● **EXERCISE REQUIREMENTS**: Begin at the line containing "(Individual - Local" in the records below, end at the line containing "魅族(MEIZU)21 12GB+256GB 灵动紫", and retype each line in that span exactly. No other line and no image should appear.

Stored records
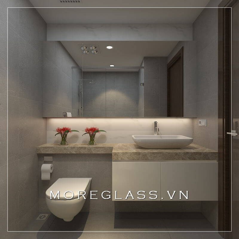 Mẫu thiết kế phòng tắm hiện đại, được bao bọc trong một bức kính trong suốt, để lọc tất cả các ánh nhìn.
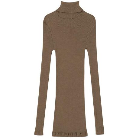 ウールとシルクをブレンドしたリブ編み素材を使ったフルスリーブのタートルネックのトップス。エレガントなカラー展開で、インナーとしてだけではなくアウターとしても活躍するアイテムです。ウールは、羊にやさしい飼育方法でつくられた“ノンミュールジングウール”を使用しています。※掲載サイズは輸入元サイズです。
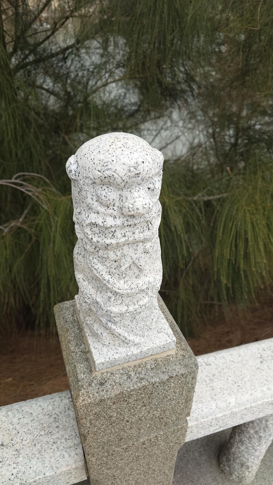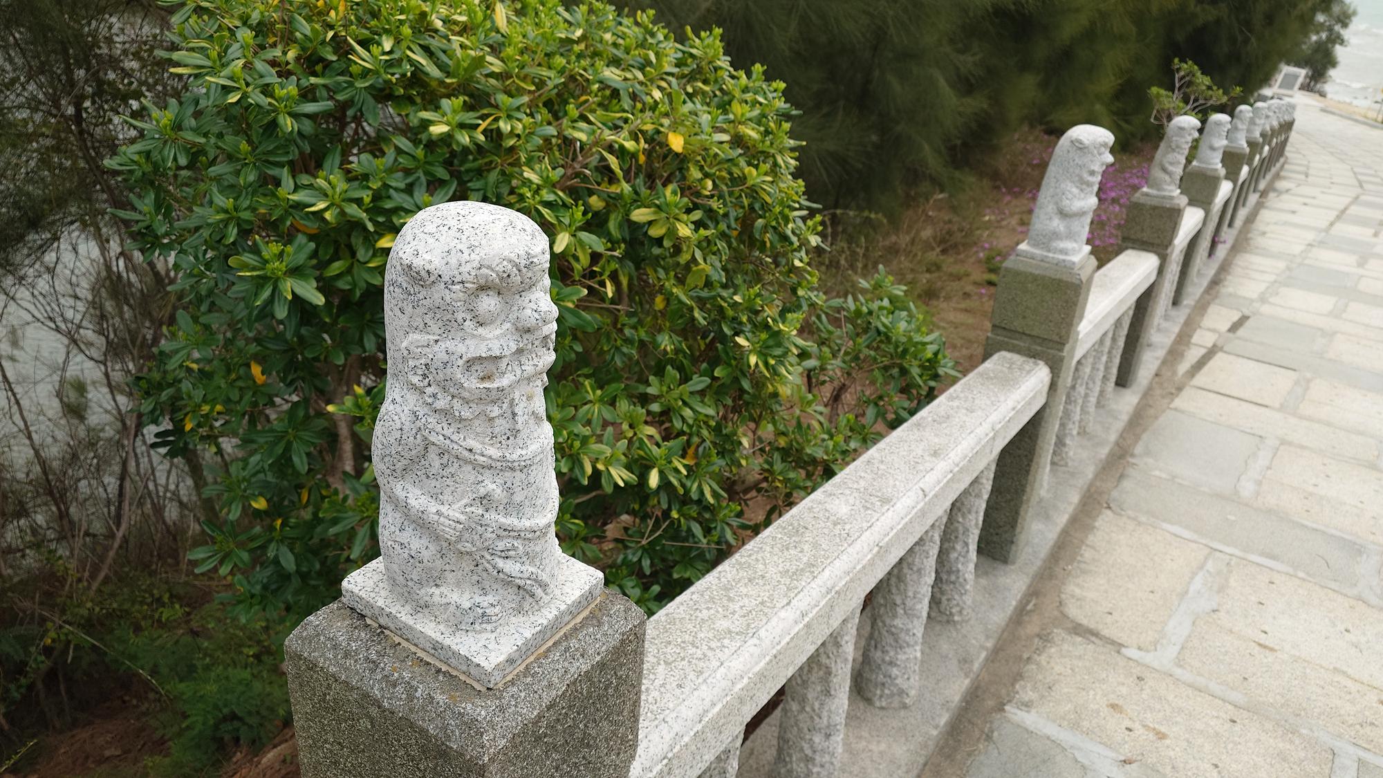 位於扶手欄杆柱頭 一整排風獅爺的石柱
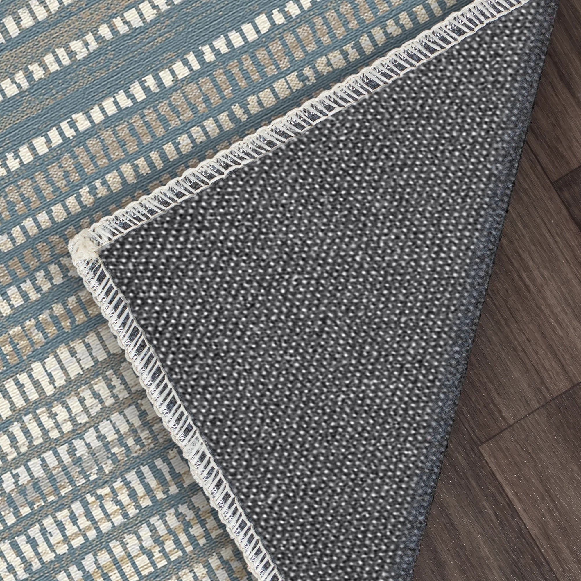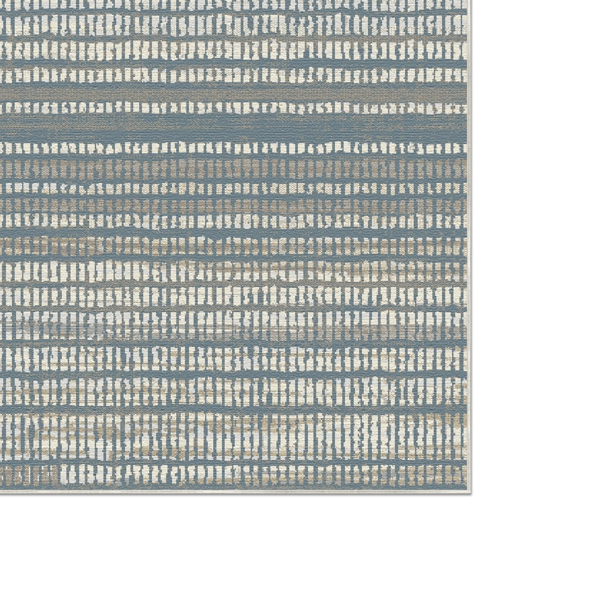 Майстерно розроблений для високих вимог, цей килим використовує найсучаснішу технологію цифрового друку , щоб відтворити його ніжні лінійні текстури та м'які градієнти блакитного кольору з високою чіткістю. Поверхня виготовлена з високоякісних поліефірних волокон , що забезпечує шовковисто-м'яку текстуру під ногами та матове покриття, яке чудово розсіює світло. Він має натуральну бавовняну основу , що забезпечує екологічну, повітропроникну та стабільну основу. Розроблений для практичності сучасного життя, цей килим повністю можна прати в пральній машині , що гарантує легкий догляд за його чистою та свіжою красою.
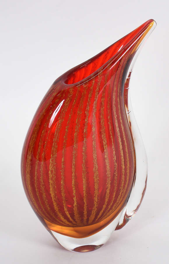 Vaso de Murano vermelho , borda com ponta.( algumas marcas no vidro .
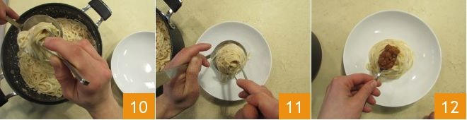Now everything is ready, you can plate it. Using a ladle and tongs, create a nest of spaghetti, twirling them 10 and transferring it onto the plate 11. Place a spoonful of sea urchin ragù on top 12
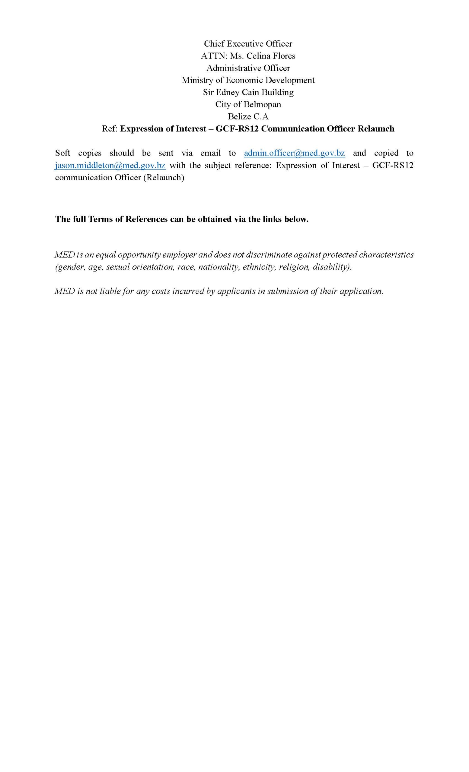 (Individual - Local Consultant) Communications Officer GCF Project BLZ-RS-012 TITLE
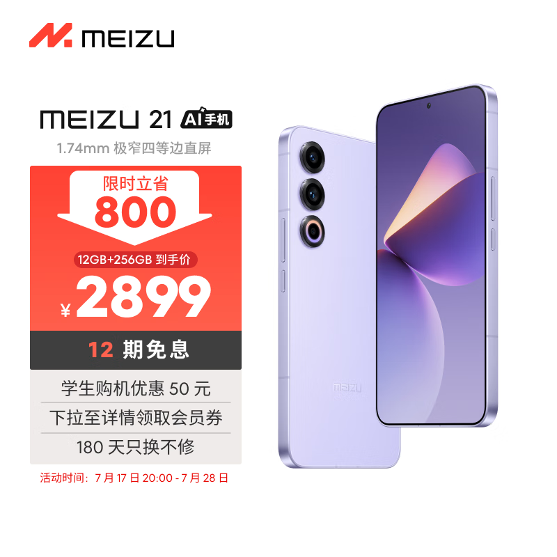 魅族(MEIZU)21 12GB+256GB 灵动紫 1.74mm极窄四等边直屏 骁龙8Gen3 2亿像素 80W超充 5G游戏学生拍照手机价格:2899.00元!
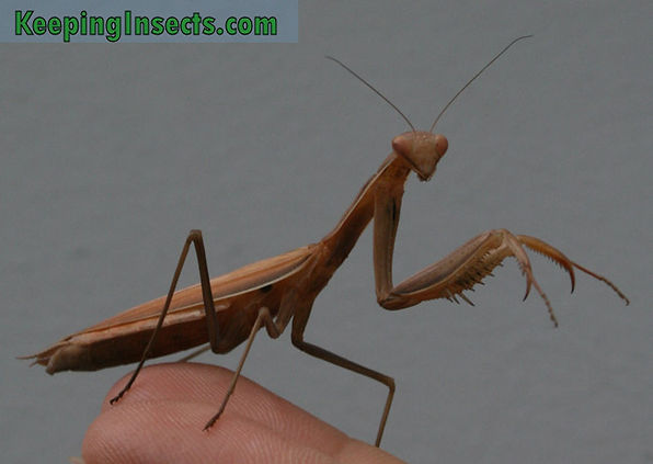 This species of praying mantis is usually light to medium brown, but there are also very dark and beige variations. They have a lot of dark and light spots on the body and legs.
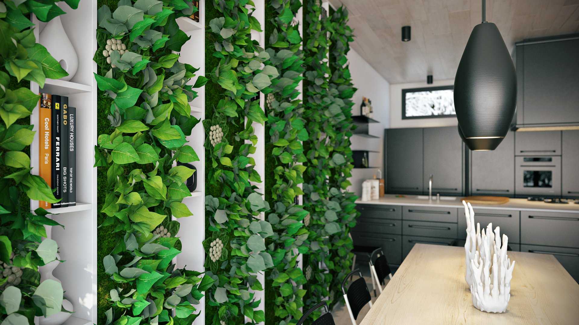 Зелёные растения в чёрной комнате со строгим дизайном
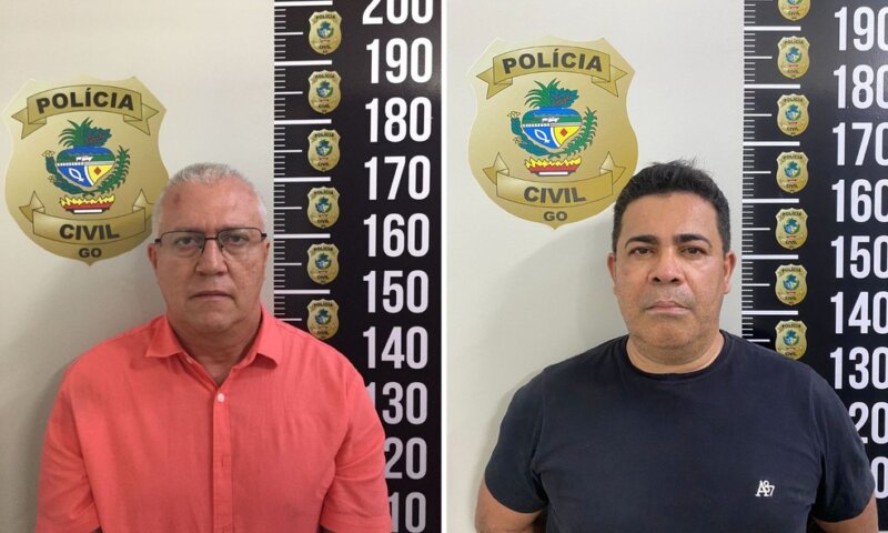 Gilberto Rodrigues (lado esquerdo) e Girlandio Pereira (lado direito) presos suspeitos de de se passarem por diretores de bancos para aplicar golpes, em Goiás — Foto: Divulgação/Polícia Civil
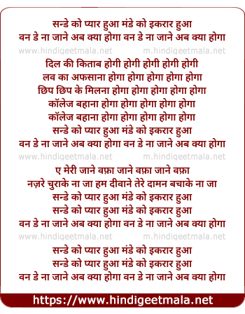 Lyrics of Sunday Ko Pyar Hua, Monday Ko Ikrar Hua - सन्डे को प्यार हुआ, मंडे को इकरार हुआ
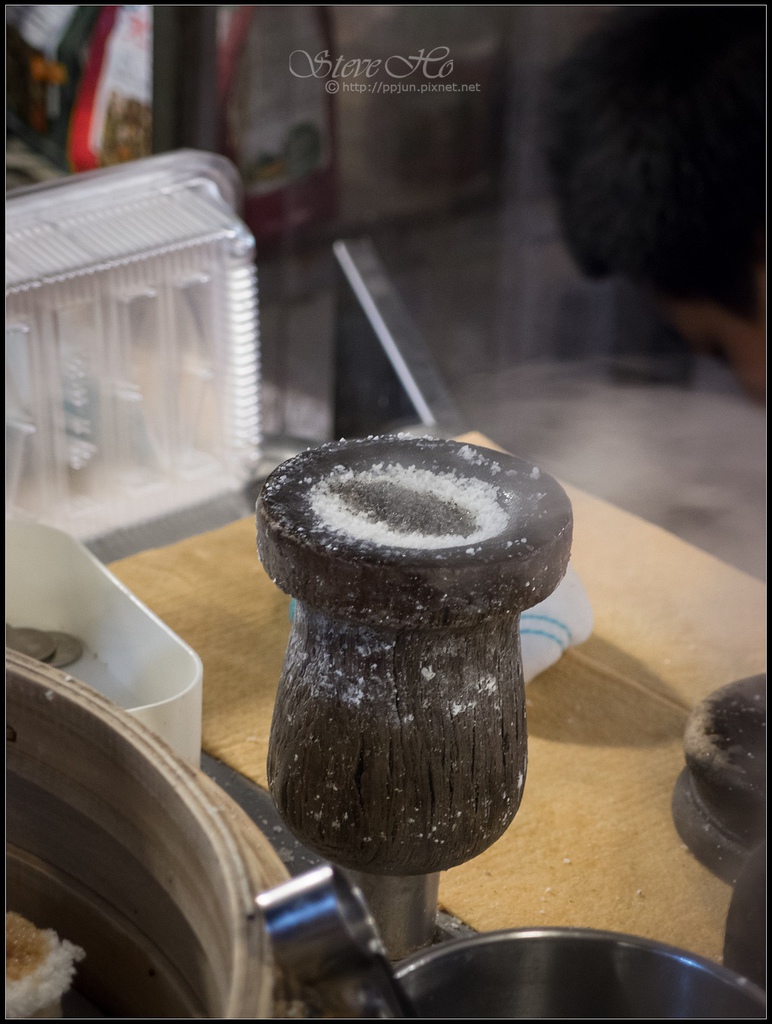 ▼ 因容器的底部有個小孔,可以讓熱蒸氣導入,用熱騰騰的蒸氣,慢慢地將蓬萊米粉蒸熟。
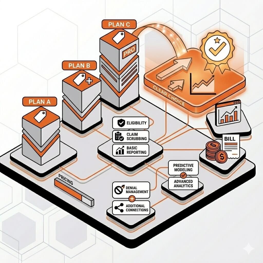 The catch is that “free” only applies to participating payers. As soon as you need access to non-sponsored plans, higher transaction volumes, or added tools, costs can begin to grow. Paid tiers expand payer access and functionality, and each additional service, user, or transaction can increase your total spend.

● **EXERCISE RESPONSE**:
 (Individual - Local Consultant) Communications Officer GCF Project BLZ-RS-012 TITLE
 魅族(MEIZU)21 12GB+256GB 灵动紫 1.74mm极窄四等边直屏 骁龙8Gen3 2亿像素 80W超充 5G游戏学生拍照手机价格:2899.00元!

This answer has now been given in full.